Exercise:
What you give back should be exactly the lines from the one with "Unlike other presses, our" through the final line of the material, pictures removed; please add nothing.

Collected data:

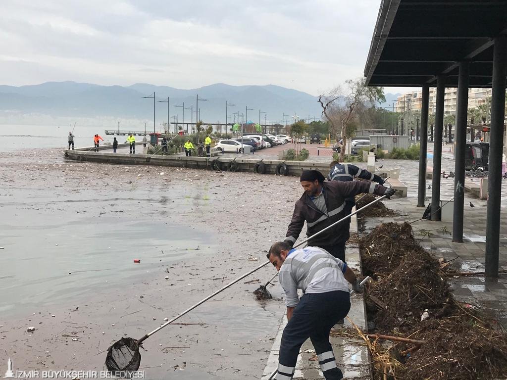 Körfez Denetim ekibi ise Körfez'e derelerden gelen yüzer çöpleri temizledi. Mavi Körfez 2 ve Mavi Körfez 3 deniz süpürge gemileri ve 15 kişilik kara çöp toplama ekibi, Bostanlı ve Karşıyaka’da 25 ton çöp topladı.
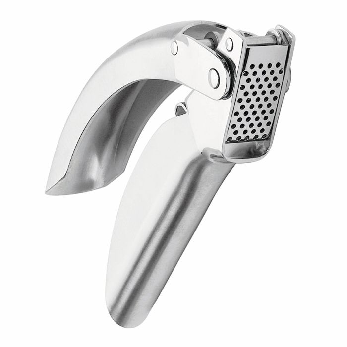Unlike other presses, our garlic press has beveled holes that finely cut the clove rather than bruising it, bringing out the best flavor. Our ergonomic handle and powerful lever makes pressing garlic effortless. Stainless steel sieve swings out for easy cleanup.
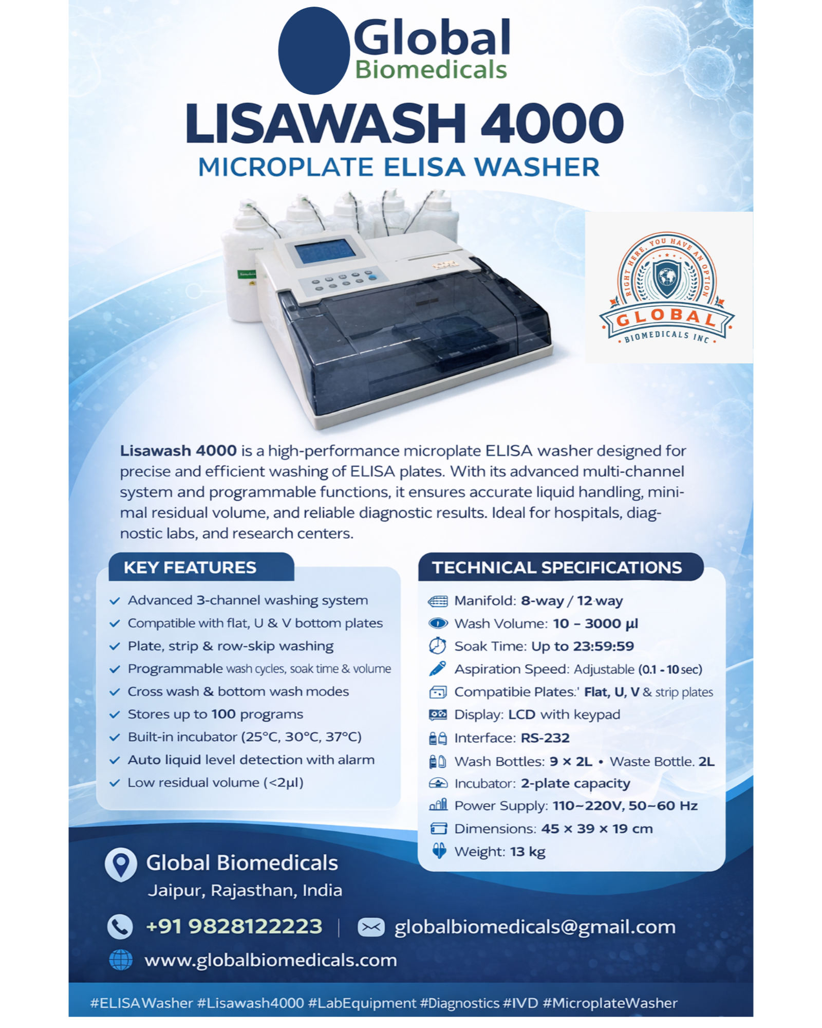 Lisawash 4000 Microplate ELISA Washer is a high-performance and reliable laboratory instrument designed for precise and efficient washing of ELISA plates, featuring an advanced 3-channel washing system with 8/12-way manifold, compatible with flat, U & V bottom and strip plates, offering programmable wash cycles with wash volume range of 10–3000 µl, adjustable aspiration speed (0.1–10 sec), and extremely low residual volume (<2 µl) to ensure accurate and reproducible results; it supports multiple washing modes including plate, strip, row-skip, cross wash and bottom wash, with storage capacity of up to 100 programs, and comes with a built-in 2-plate incubator (25°C, 30°C, 37°C), LCD display with keypad, RS-232 interface, 3×2L wash bottles, 2L waste bottle, operating on 110–220V power supply, making it an ideal solution for diagnostic laboratories, hospitals and research centers requiring efficient ELISA processing; #ELISAWasher #Lisawash4000 #MicroplateWasher #LabEquipment #Diagnostics #IVD #LabAutomation #Healthcare #Biotechnology #GlobalBiomedicals

Response to this exercise:
Unlike other presses, our garlic press has beveled holes that finely cut the clove rather than bruising it, bringing out the best flavor. Our ergonomic handle and powerful lever makes pressing garlic effortless. Stainless steel sieve swings out for easy cleanup.
 Lisawash 4000 Microplate ELISA Washer is a high-performance and reliable laboratory instrument designed for precise and efficient washing of ELISA plates, featuring an advanced 3-channel washing system with 8/12-way manifold, compatible with flat, U & V bottom and strip plates, offering programmable wash cycles with wash volume range of 10–3000 µl, adjustable aspiration speed (0.1–10 sec), and extremely low residual volume (<2 µl) to ensure accurate and reproducible results; it supports multiple washing modes including plate, strip, row-skip, cross wash and bottom wash, with storage capacity of up to 100 programs, and comes with a built-in 2-plate incubator (25°C, 30°C, 37°C), LCD display with keypad, RS-232 interface, 3×2L wash bottles, 2L waste bottle, operating on 110–220V power supply, making it an ideal solution for diagnostic laboratories, hospitals and research centers requiring efficient ELISA processing; #ELISAWasher #Lisawash4000 #MicroplateWasher #LabEquipment #Diagnostics #IVD #LabAutomation #Healthcare #Biotechnology #GlobalBiomedicals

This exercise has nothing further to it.